To date, we’ve given away more than $200 million – about half through the Case Foundation and the other half personally. We’re proud of that, but even prouder of the networks, expertise and broad based support we have also brought to bear to maximize the impact of our giving. Our grantees tell us that these other forms of support create value well beyond the dollars we’ve contributed.

We have learned to look at our philanthropic efforts similar to the way we’d look at any other investment – what’s our overall return, and how are we leveraging all of the tools at our disposal to make progress toward the change we want to see in the world? Put simply, we’ve shifted from looking just at inputs (checks we write and efforts expended) to instead looking at outcomes (the actual impact our involvement has). And as catalyst investors, those outcomes include consideration of how leveraged our spending is. In other words, for every dollar we spend, how much additional capital did we unleash from others through collaborations we help build?

By linking arms with others, and by serving as a catalyst for new approaches, we’ve been able to generate impact that is far greater than it would be if we were instead a more passive donor. Indeed, we estimate that our giving has helped to unleash billions of charitable and private sector capital from partners to the causes and issues we back. Here are just a few examples of how we look at this leverage:

  • With $250K in grants, and by working with great companies like Deloitte, HP, Capital One and others, our support of A Billion + Change has led to more than $5B in pledges to pro-bono service for nonprofits from over 5,000 companies.
  • Through $900K in grants, along with partnerships with Network for Good, Global Giving, Causes and PARADE on two America’s Giving Challenges our support led to more than $4M in donations for worthwhile causes and helped to inspire the creation of similar initiatives like the $20M Pepsi Refresh Challenge, the $20M Chase Community Giving campaign, and dozens of local and national giving days that have unleashed a collective tens of millions of dollars for nonprofit organizations.
  • Our investment of $1M in grants and in-kind support for the Startup America Partnership led to nearly $500M of in-kind commitments to support startups from companies like American Airlines, American Express, Microsoft, Google, and others.
  • Our work in helping to catalyze impact investing contributed to unleashing $2B in commitments (announced at the White House this past June) to invest to deliver a financial and social return.
  • Our support of online giving platforms like Mission Fish and Network for Good with grants and investments of less than $2M have helped to catalyze more than $1.5B in giving to worthy nonprofits.

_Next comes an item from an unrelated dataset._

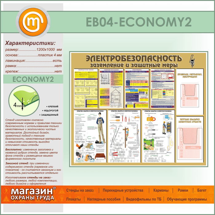 Стенд «Электробезопасность. Заземление и защитные меры» с 2 объемными карманами (EB-04-ECONOMY2) в Пензе купить

We’ll be the first to admit that in the first 17 years of our journey in philanthropy, we certainly haven’t gotten it all right – which is a big part of why we’re doing our in-depth reflections work. But we’ve long ascribed to the mantra that “If you want to go fast, go alone; if you want to go far, go together” – and believe that building a tapestry of alliances and partnerships, and serving as a catalyst for new ideas and concepts can create far greater impact than any check we could ever write. We are enormously grateful to our partners from every sector who have come alongside and helped to drive change at a scale and in ways we could have never have achieved alone.

It’s an exciting time for those of us who are mission focused. We continue to listen and learn as we try to drive impact. We look forward to sharing our stories with you in the coming months.